__SOURCE MATERIAL__.
============================================================

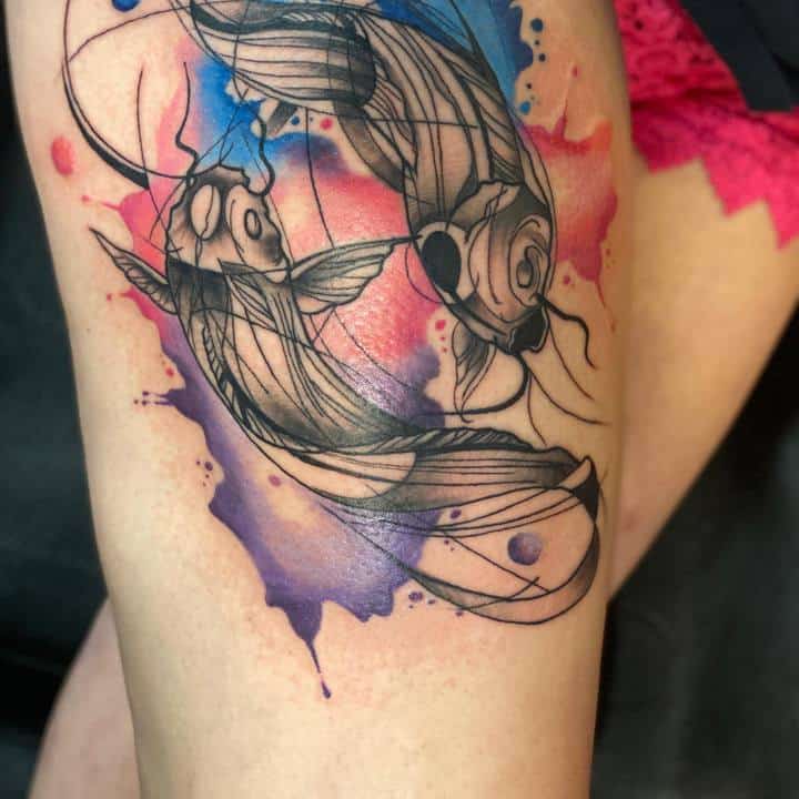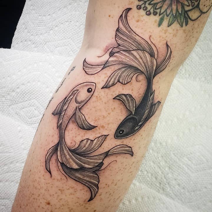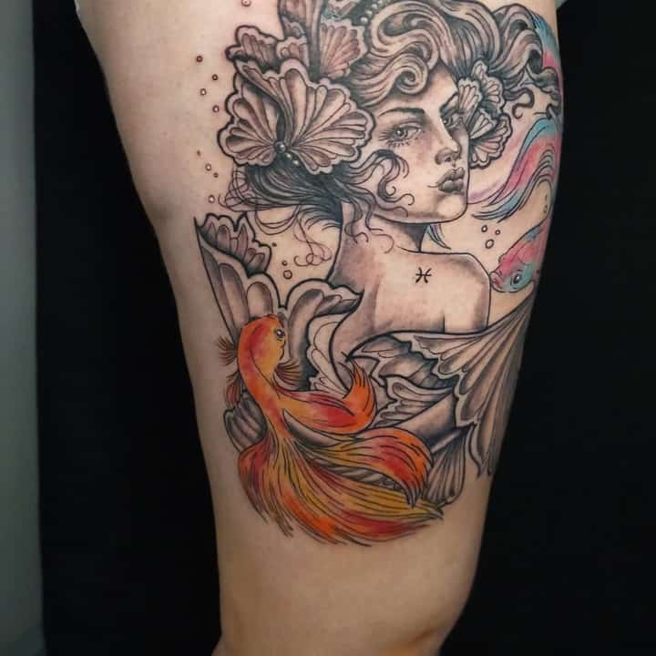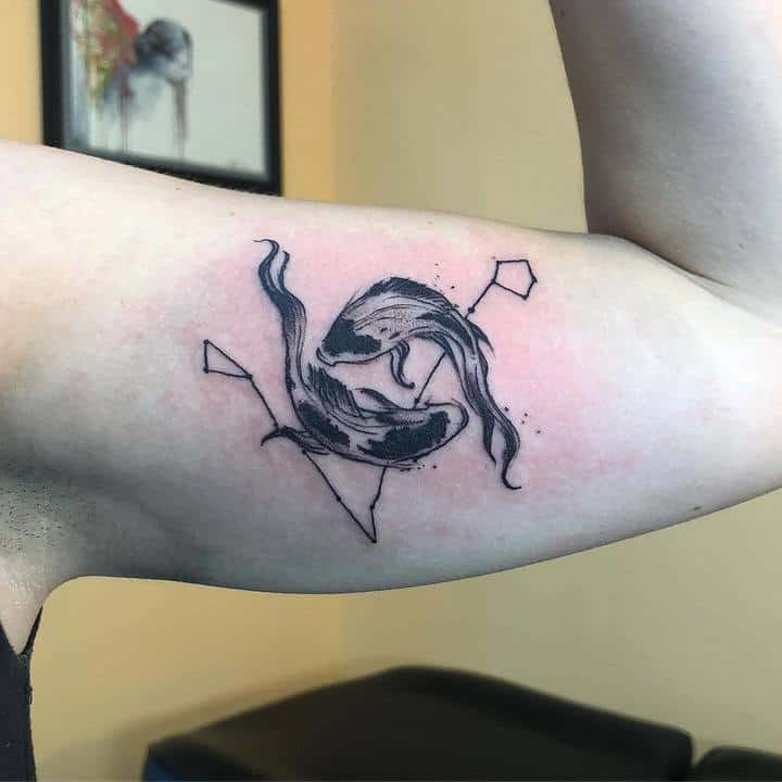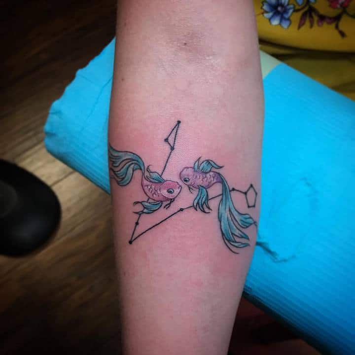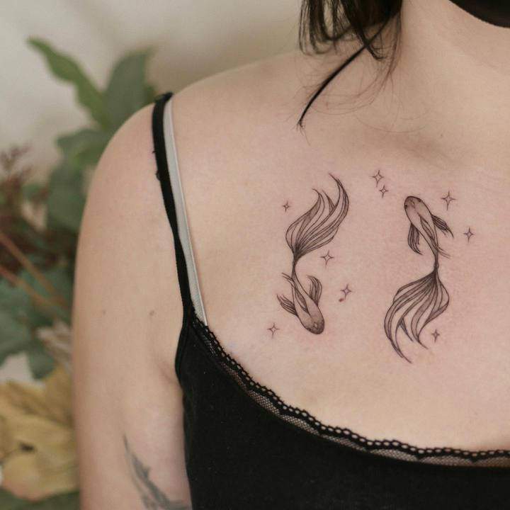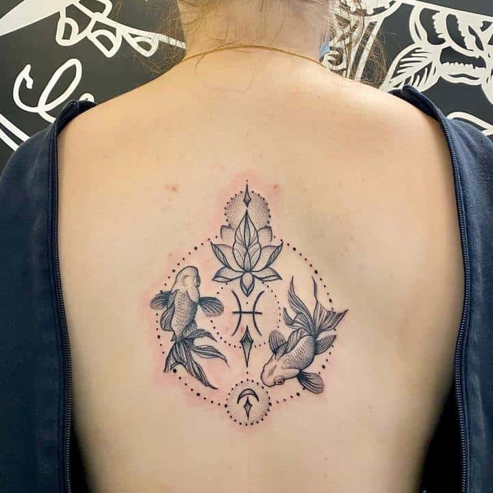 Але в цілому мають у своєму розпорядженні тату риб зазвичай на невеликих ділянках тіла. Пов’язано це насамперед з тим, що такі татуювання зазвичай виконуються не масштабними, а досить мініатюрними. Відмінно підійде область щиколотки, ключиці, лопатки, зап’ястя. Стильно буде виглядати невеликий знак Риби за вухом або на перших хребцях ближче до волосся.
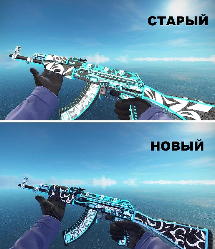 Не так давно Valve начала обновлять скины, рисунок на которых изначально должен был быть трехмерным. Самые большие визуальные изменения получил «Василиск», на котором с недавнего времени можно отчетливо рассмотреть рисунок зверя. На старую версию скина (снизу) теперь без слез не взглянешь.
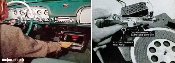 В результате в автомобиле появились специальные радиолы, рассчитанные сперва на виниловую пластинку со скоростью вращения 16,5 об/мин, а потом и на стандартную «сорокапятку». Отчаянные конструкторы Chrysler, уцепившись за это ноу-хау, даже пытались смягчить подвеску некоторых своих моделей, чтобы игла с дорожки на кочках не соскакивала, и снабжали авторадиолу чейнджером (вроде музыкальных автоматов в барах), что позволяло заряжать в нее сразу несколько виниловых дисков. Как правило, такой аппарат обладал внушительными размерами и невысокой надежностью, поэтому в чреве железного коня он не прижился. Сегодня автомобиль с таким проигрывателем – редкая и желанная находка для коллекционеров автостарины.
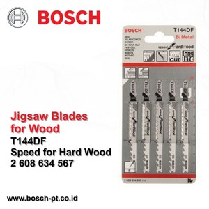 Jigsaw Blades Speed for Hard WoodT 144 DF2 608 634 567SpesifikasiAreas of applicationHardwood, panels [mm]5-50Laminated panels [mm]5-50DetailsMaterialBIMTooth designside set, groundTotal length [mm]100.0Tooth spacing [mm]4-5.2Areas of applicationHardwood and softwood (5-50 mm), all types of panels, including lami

============================================================

__EXERCISE AIM__. The listing above should be repeated word for word, with every image left out.

__SOLUTION FOR THIS TASK__.
 Але в цілому мають у своєму розпорядженні тату риб зазвичай на невеликих ділянках тіла. Пов’язано це насамперед з тим, що такі татуювання зазвичай виконуються не масштабними, а досить мініатюрними. Відмінно підійде область щиколотки, ключиці, лопатки, зап’ястя. Стильно буде виглядати невеликий знак Риби за вухом або на перших хребцях ближче до волосся.
 Не так давно Valve начала обновлять скины, рисунок на которых изначально должен был быть трехмерным. Самые большие визуальные изменения получил «Василиск», на котором с недавнего времени можно отчетливо рассмотреть рисунок зверя. На старую версию скина (снизу) теперь без слез не взглянешь.
 В результате в автомобиле появились специальные радиолы, рассчитанные сперва на виниловую пластинку со скоростью вращения 16,5 об/мин, а потом и на стандартную «сорокапятку». Отчаянные конструкторы Chrysler, уцепившись за это ноу-хау, даже пытались смягчить подвеску некоторых своих моделей, чтобы игла с дорожки на кочках не соскакивала, и снабжали авторадиолу чейнджером (вроде музыкальных автоматов в барах), что позволяло заряжать в нее сразу несколько виниловых дисков. Как правило, такой аппарат обладал внушительными размерами и невысокой надежностью, поэтому в чреве железного коня он не прижился. Сегодня автомобиль с таким проигрывателем – редкая и желанная находка для коллекционеров автостарины.
 Jigsaw Blades Speed for Hard WoodT 144 DF2 608 634 567SpesifikasiAreas of applicationHardwood, panels [mm]5-50Laminated panels [mm]5-50DetailsMaterialBIMTooth designside set, groundTotal length [mm]100.0Tooth spacing [mm]4-5.2Areas of applicationHardwood and softwood (5-50 mm), all types of panels, including lami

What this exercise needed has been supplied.